As entertaining and shocking as one would hope for, but the book leaves readers with more questions than answers.

BEING BERLUSCONI

THE RISE AND FALL FROM COSA NOSTRA TO BUNGA BUNGA

In the first comprehensive examination of former Italian Prime Minister Silvio Berlusconi’s life and career, Independent Italy correspondent Day paints a lively but noncomplex picture of an ambitious and deeply flawed man in a system that accommodated his numerous vices.

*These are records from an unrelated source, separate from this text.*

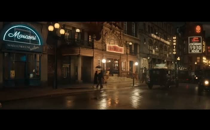 The opening money shot was quite impressive. Richmond Theater in West London recreated from a grainy 1929 photograph with its recently installed electric lights was magnificent. I could’ve watched a lot more of a film in this setting but the dimly illuminated, oft rained-on streets of London is not where the majority of this film takes place.
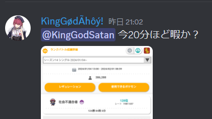 そしてレート2000チャレの時リアルが多忙なのを知ってはいたが、雑にこの男も呼んでみた。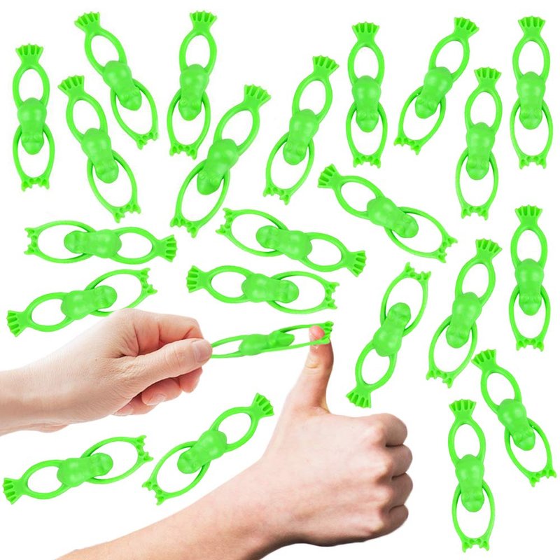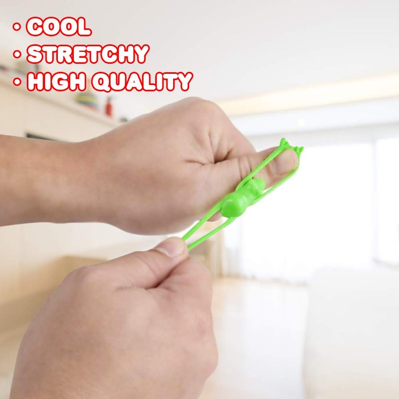 - STRETCH TO SHOOT: Toy frogs with sky-high ambitions! This pack comes with a SET OF 24 fling shot animal toys for memorable outdoor fun. Stretch a rubbery frog on your fingers, aim, and shoot. Little boys and girls won’t get enough of them.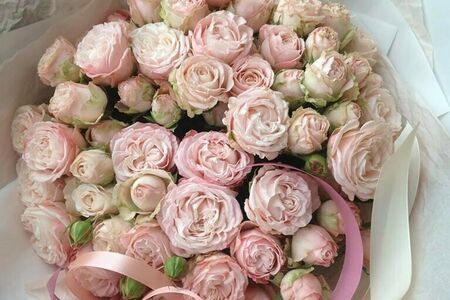 Состав: Роза пионовидная кустовая - 15; Лента - 2; Пленка матовая - 1; Тишью - 1. Ширина: 35см. Высота: 50см.

Berlusconi’s rise is a fascinating story that reads straight from a tabloid, littered with corrupt politicians, shady dealings, and women who emerge more as caricatures than real people. The author ably brings to light the various avenues by which Berlusconi first made his fortune and later made Italy his playground through self-serving legislation. With such rich fodder and his experience for nearly a decade as a journalist in Italy, it’s not surprising he is able to do so. However, Day vacillates between treating Berlusconi’s antics as a political sideshow and exposing them as a true threat to Italy’s political system. When the author does turn to his subject’s legacy, highlighting the extensive damage he did to the country’s culture and reputation, it reads more like an afterthought than a legitimate meditation. Day gives great attention to the sex scandals that made Berlusconi an international joke, but he focuses less on exploring the system within which Berlusconi existed. Leaps between his roles as an entrepreneur and a politician and between investigations and public scandals feel jarring, as the author gives too little context. In other instances, however, Day provides too much detail—e.g., the minibiography of one of the young girls whose relationship with Berlusconi eventually brought about the political titan’s downfall. Although the author explains the many whats of Berlusconi’s long career, he largely neglects the more intricate questions of how. In so doing, he makes Italy seem more like a bit player than the stage in Berlusconi’s circus.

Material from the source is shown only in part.